◆ **THE INPUT**:
· · ·

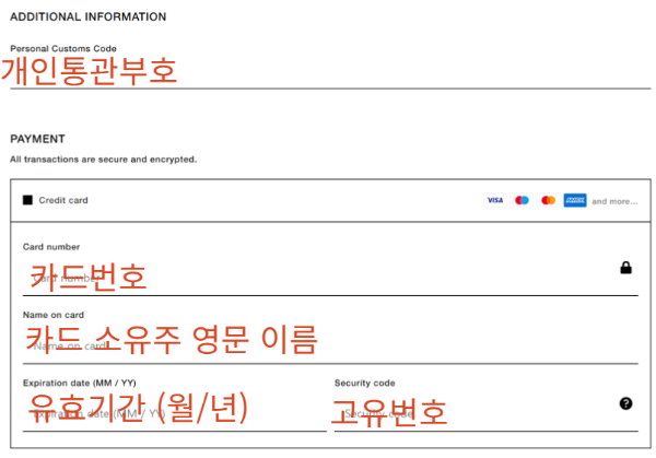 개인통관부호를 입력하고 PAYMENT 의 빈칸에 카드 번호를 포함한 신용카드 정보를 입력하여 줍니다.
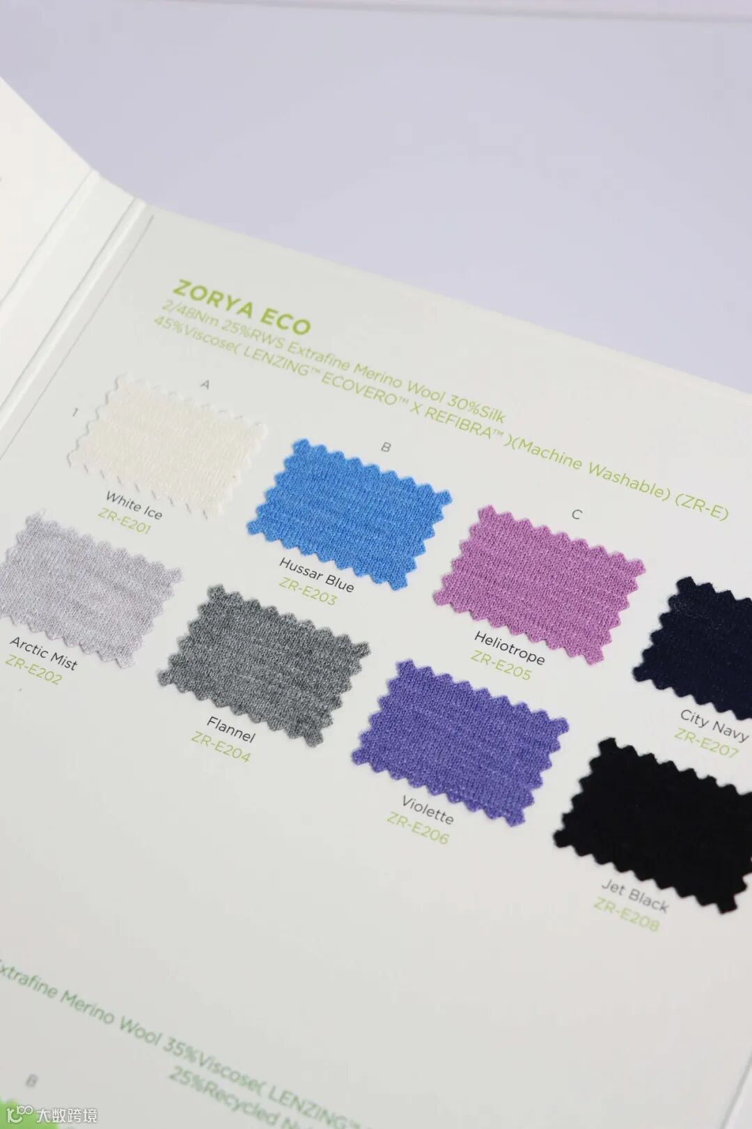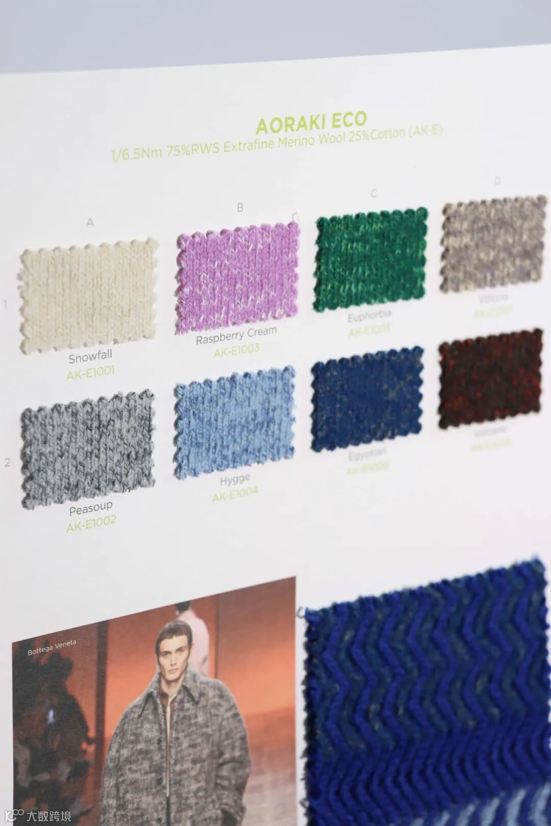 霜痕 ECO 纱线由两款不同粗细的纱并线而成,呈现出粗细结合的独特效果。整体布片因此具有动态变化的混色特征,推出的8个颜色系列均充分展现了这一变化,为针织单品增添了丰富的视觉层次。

· · ·

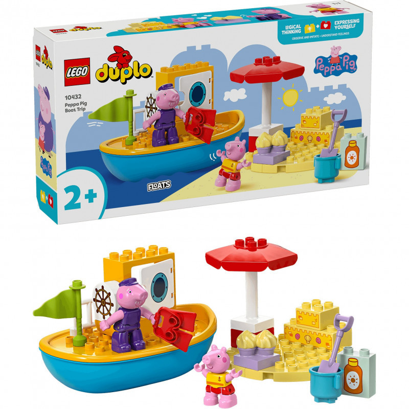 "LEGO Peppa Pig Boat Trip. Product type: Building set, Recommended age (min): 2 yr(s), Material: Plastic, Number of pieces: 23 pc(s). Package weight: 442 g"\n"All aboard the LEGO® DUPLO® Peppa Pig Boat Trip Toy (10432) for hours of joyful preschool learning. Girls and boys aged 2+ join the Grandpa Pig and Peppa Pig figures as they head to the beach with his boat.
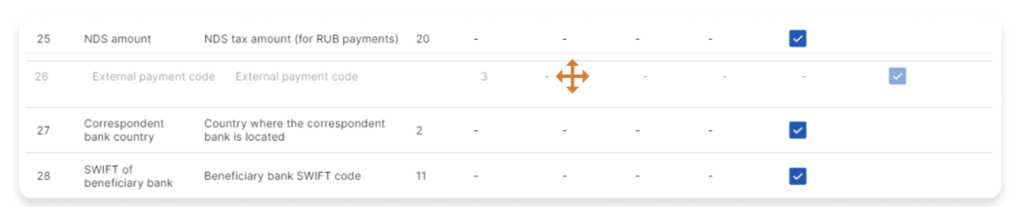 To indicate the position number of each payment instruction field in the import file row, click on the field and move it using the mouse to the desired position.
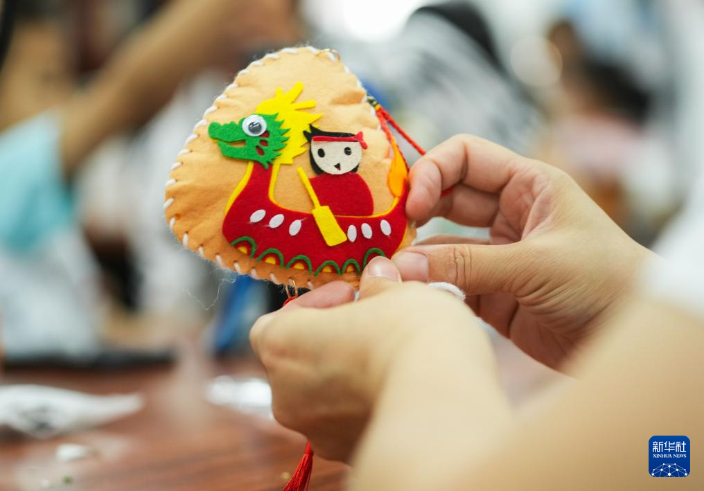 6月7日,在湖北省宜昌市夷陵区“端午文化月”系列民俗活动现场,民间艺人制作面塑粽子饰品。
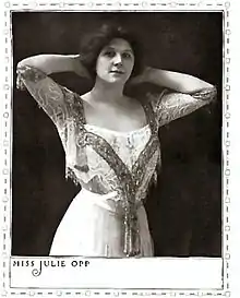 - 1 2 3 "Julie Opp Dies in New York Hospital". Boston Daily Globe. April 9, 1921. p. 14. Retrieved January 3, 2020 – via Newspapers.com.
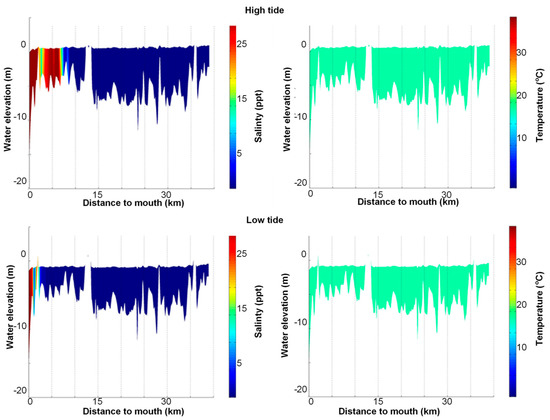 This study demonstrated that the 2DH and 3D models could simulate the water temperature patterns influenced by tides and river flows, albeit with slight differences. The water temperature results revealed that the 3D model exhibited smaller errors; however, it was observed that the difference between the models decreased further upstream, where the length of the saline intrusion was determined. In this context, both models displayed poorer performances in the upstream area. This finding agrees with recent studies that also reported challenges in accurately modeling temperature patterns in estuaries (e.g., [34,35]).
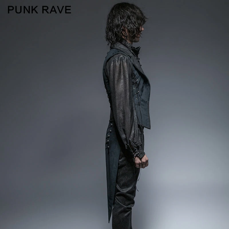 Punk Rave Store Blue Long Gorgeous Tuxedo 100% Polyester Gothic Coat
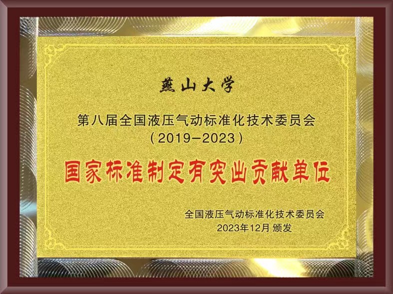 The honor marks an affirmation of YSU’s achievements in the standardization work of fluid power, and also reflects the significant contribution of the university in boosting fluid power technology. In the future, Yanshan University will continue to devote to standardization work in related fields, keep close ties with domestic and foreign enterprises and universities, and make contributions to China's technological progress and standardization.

· · ·

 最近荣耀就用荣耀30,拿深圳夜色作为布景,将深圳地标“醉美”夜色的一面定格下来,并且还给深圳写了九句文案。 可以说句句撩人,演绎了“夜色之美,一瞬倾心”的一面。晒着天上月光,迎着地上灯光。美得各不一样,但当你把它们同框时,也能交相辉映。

· · ·

In the listing above, find the line with "with his boat." and the line with "Punk Rave Store". Transcribe those two and everything between, exactly, leaving out pictures.

 "LEGO Peppa Pig Boat Trip. Product type: Building set, Recommended age (min): 2 yr(s), Material: Plastic, Number of pieces: 23 pc(s). Package weight: 442 g"\n"All aboard the LEGO® DUPLO® Peppa Pig Boat Trip Toy (10432) for hours of joyful preschool learning. Girls and boys aged 2+ join the Grandpa Pig and Peppa Pig figures as they head to the beach with his boat.
 To indicate the position number of each payment instruction field in the import file row, click on the field and move it using the mouse to the desired position.
 6月7日,在湖北省宜昌市夷陵区“端午文化月”系列民俗活动现场,民间艺人制作面塑粽子饰品。
 - 1 2 3 "Julie Opp Dies in New York Hospital". Boston Daily Globe. April 9, 1921. p. 14. Retrieved January 3, 2020 – via Newspapers.com.
 This study demonstrated that the 2DH and 3D models could simulate the water temperature patterns influenced by tides and river flows, albeit with slight differences. The water temperature results revealed that the 3D model exhibited smaller errors; however, it was observed that the difference between the models decreased further upstream, where the length of the saline intrusion was determined. In this context, both models displayed poorer performances in the upstream area. This finding agrees with recent studies that also reported challenges in accurately modeling temperature patterns in estuaries (e.g., [34,35]).
 Punk Rave Store Blue Long Gorgeous Tuxedo 100% Polyester Gothic Coat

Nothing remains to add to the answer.